On the Automated Segmentation of Epicardial and Mediastinal Cardiac Adipose Tissues Using Classification Algorithms
This work addresses the need for efficient fat depot quantification in cardiac health risk assessment, representing an incremental improvement in automating a specific medical imaging task.
The paper tackles the problem of automating the segmentation of epicardial and mediastinal cardiac adipose tissues from CT images to reduce human workload in clinical practice, achieving a mean accuracy of 98.4%, a true positive rate of 96.2%, and a Dice similarity index of 96.8%.
The quantification of fat depots on the surroundings of the heart is an accurate procedure for evaluating health risk factors correlated with several diseases. However, this type of evaluation is not widely employed in clinical practice due to the required human workload. This work proposes a novel technique for the automatic segmentation of cardiac fat pads. The technique is based on applying classification algorithms to the segmentation of cardiac CT images.
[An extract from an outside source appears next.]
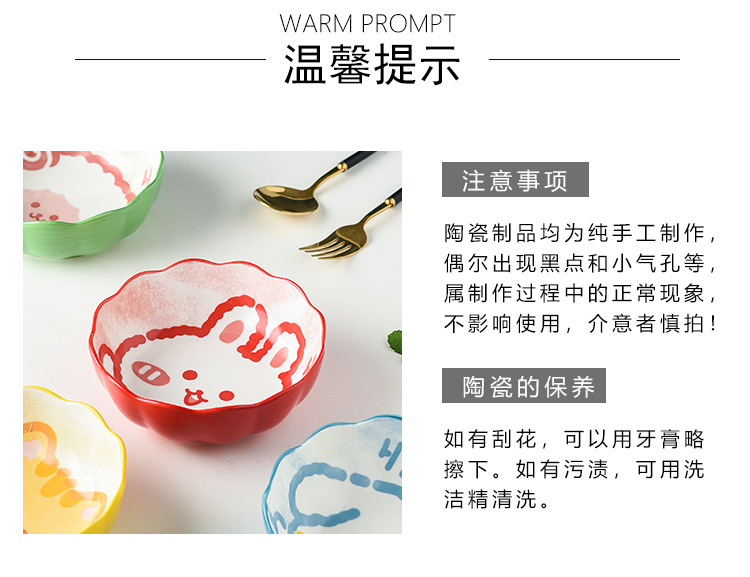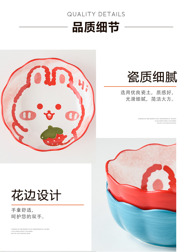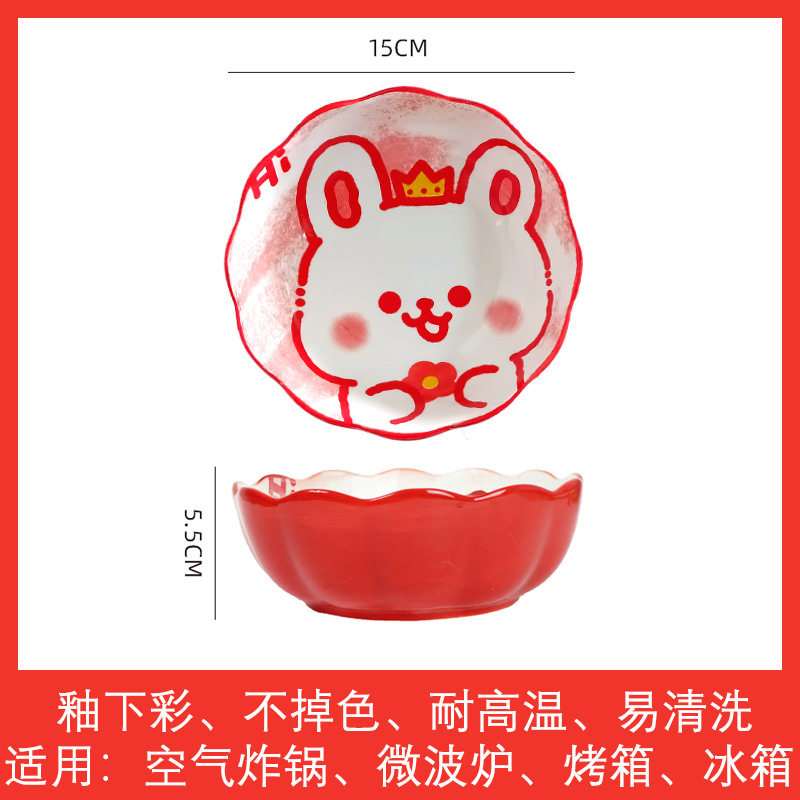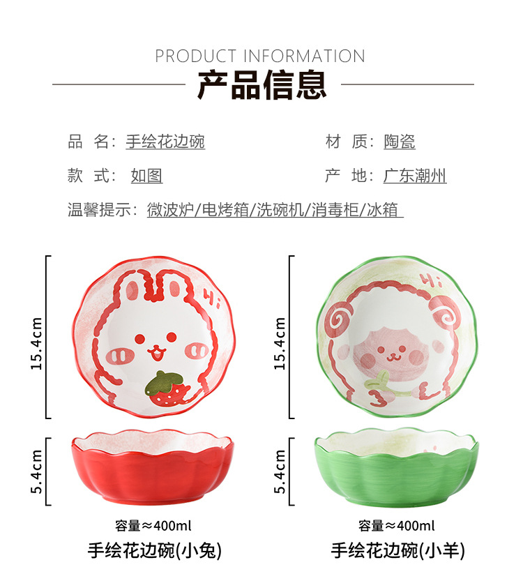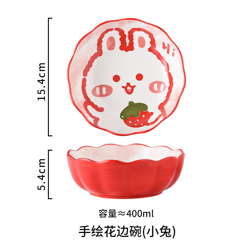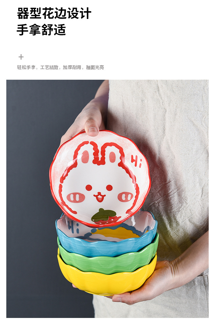 Hi 만화 시리즈 세라믹 레이스 그릇 과일 샐러드 그릇 6 인치 가정용 밥 그릇 동물 손 페인트 언더 글레이즈 컬러 그릇스토어 가기

Furthermore, we extensively evaluate the performance of several algorithms on this task and discuss which provided better predictive models. Experimental results have shown that the mean accuracy for the classification of epicardial and mediastinal fats has been 98.4% with a mean true positive rate of 96.2%. On average, the Dice similarity index, regarding the segmented patients and the ground truth, was equal to 96.8%. Therfore, our technique has achieved the most accurate results for the automatic segmentation of cardiac fats, to date.